Auf die Beschwerde wird der Beschluss des Amtsgerichts Dinslaken vom 24 10.2018 aufgehoben. Der Angeklagten wird Rechtsanwalt pp. als Pflichtverteidiger bestellt.

Die Kosten des Beschwerdeverfahrens und die notwendigen Auslagen der Beschwerdeführerin trägt die Staatskasse.

Gründe

Die Beschwerde der Angeklagten pp. gegen den Beschluss des Amtsgerichts Dinslaken vom 24.10.2018, mit dem ihr Antrag auf Bestellung von Rechtsanwalt pp. als Pflichtverteidiger zurückgewiesen wurde, ist zulässig und begründet.

Der Beschwerdeführerin war gemäß § 140 Abs. 2 StPO ein Pflichtverteidiger beizuordnen.

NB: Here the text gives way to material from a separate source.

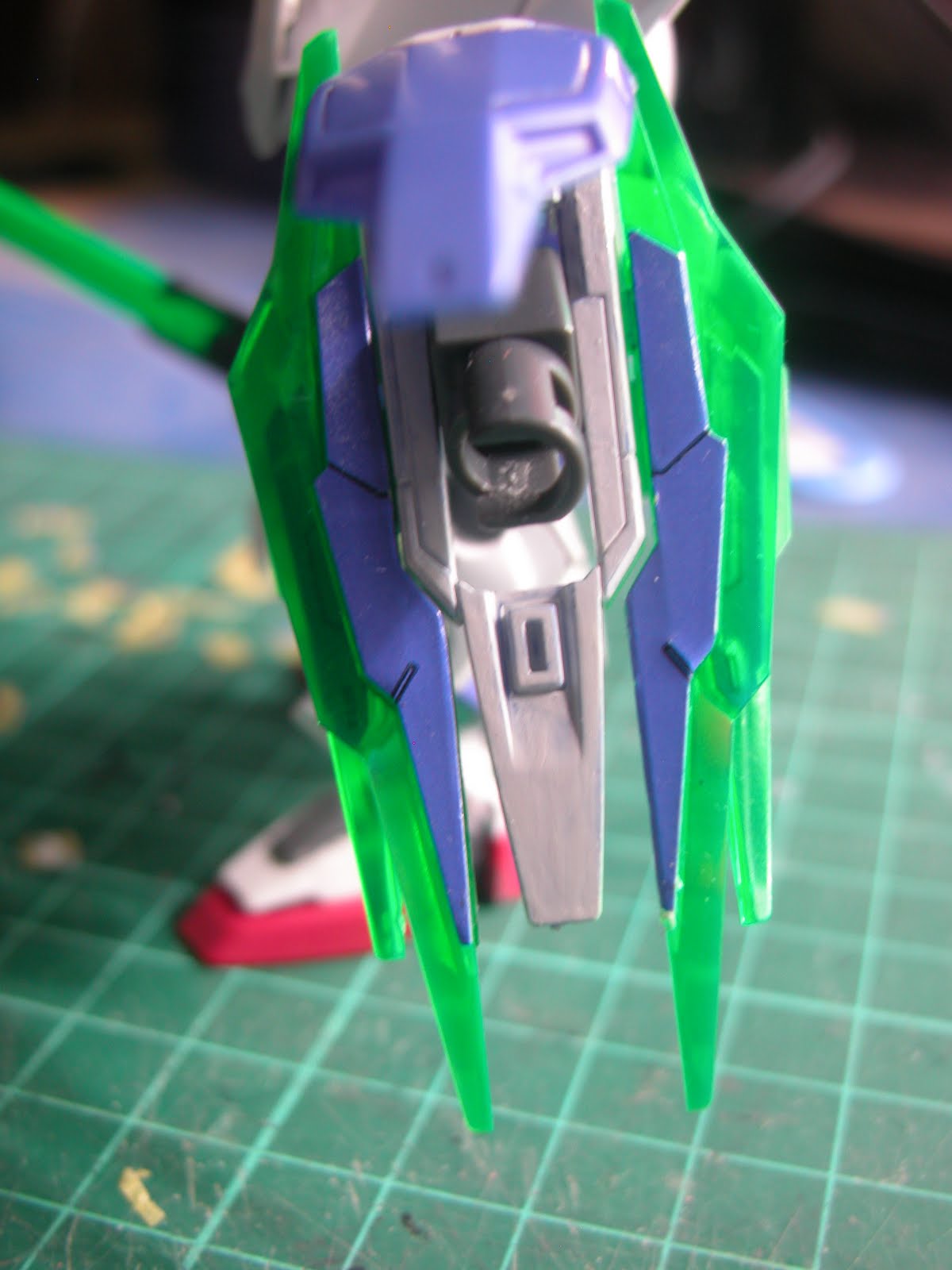 the blue, gundam marker, rather unfitting with the overall color. screw that then. lol. ah yeah, i didnt even bother the seams, like i said, something more relaxing than a relax build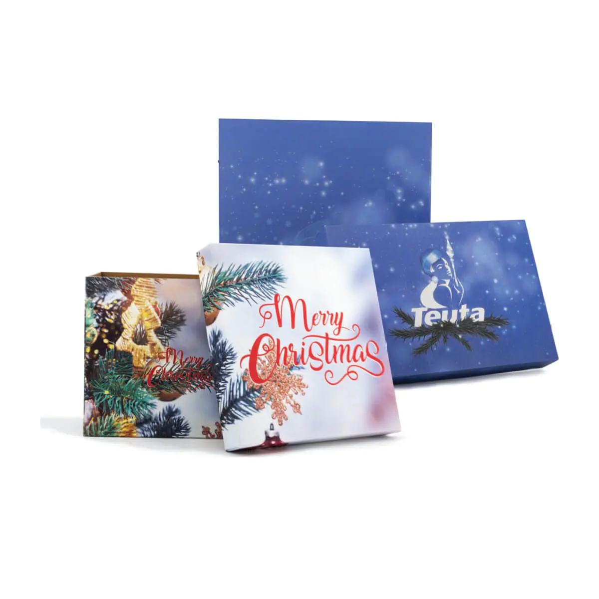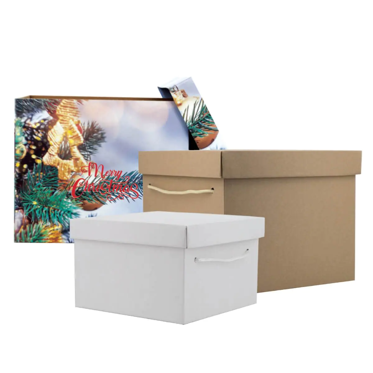 Scatole da confezione regalo fondo e coperchio. Robuste in cartone microonda e molto capienti, per confezionare grandi volumi come strenne natalizie. Dotate di maniglie in tinta per un più agevole trasporto.

Zwar begründet der bloße Umstand, dass ein Mitangeklagter einen Verteidiger hat, die Voraussetzungen des § 140 Abs. 2 StPO für sich allein nicht (KK-StPO/Laufhütte/Willnow, 7. Auflage 2013, § 140 Rn. 22 m. w. N., beck-online; OLG Köln, Beschluss vom 20.06.2012, 2 Ws 466/12, NStZ-RR 2012, 351, beck-online). In besonderen Konstellationen kann aber aus Gründen der Waffengleichheit die Beiordnung eines Pflichtverteidigers geboten sein, wenn der Mitangeklagte anwaltlich verteidigt wird, so etwa wenn die Angeklagten sich gegenseitig belasten bzw. die Möglichkeit gegenseitiger Belastungen besteht (Meyer-Goßner/Schmitt, StPO, 59. Auflage, § 140 Rn. 31 m. w. N.; OLG Köln, Beschluss vom 20.06.2012, 2 Ws 466/12, NStZ-RR 2012, 351, beck-online; MüKo-StPO/Thomas/Kämpfer, 1. Auflage 2014, § 140 Rn. 48, beck-online). In einem solchen Fall befände sich der unverteidigte Mitangeklagte dem anderen Mitangeklagten gegenüber in einer strukturellen Unterlegenheit, die es auszugleichen gilt.

So liegt der Fall hier. Die beiden Angeklagten werden jeweils beschuldigt, einen Betrug begangen zu haben, indem sie je zwei Verrechnungsschecks zur Gutschrift auf ihr Konto bei der Postbank eingereicht haben sollen, die sie als Begünstigte und das Konto der Finanzverwaltung Dinslaken als bezogenes Konto auswiesen. Die Angeklagten haben sich bislang nicht zur Sache eingelassen. Da beide verheiratet sind und nach den bisherigen Ermittlungsergebnissen Vollmacht für das Konto des jeweils anderen hatten, besteht jedenfalls die Möglichkeit, dass sie sich - sollten sie sich in der Hauptverhandlung einlassen - gegenseitig belasten könnten. Dem Angeklagten pp. ist ein Pflichtverteidiger bestellt worden. Die dadurch für die Beschwerdeführerin entstehende strukturelle Unterlegenheit war durch die Bestellung eines Pflichtverteidigers auch für sie auszugleichen. Die Beschwerdeführerin ist zwar derzeit nicht unverteidigt; sie hat einen Wahlverteidiger. Dies steht der beantragten Bestellung ihres bisherigen Wahlverteidigers als Pflichtverteidiger indes nicht entgegen. Voraussetzung einer Pflichtverteidigerbestellung ist zwar, dass der Angeklagte keinen Verteidiger hat. Ausreichend ist es insofern aber, wenn der Wahlverteidiger im Moment der Bestellung sein Wahlmandat niederlegt. In dem Beiordnungsantrag durch den bisherigen Wahlverteidiger kann die Ankündigung einer solchen Mandatsniederlegung gesehen werden (vgl. MüKo-StPO/Thomas/Kämpfer, a. a. 0., § 141 Rn. 4 m. w. N., beck-online).

Die Kostenentscheidung beruht auf § 467 Abs. 1 StPO in entsprechender Anwendung.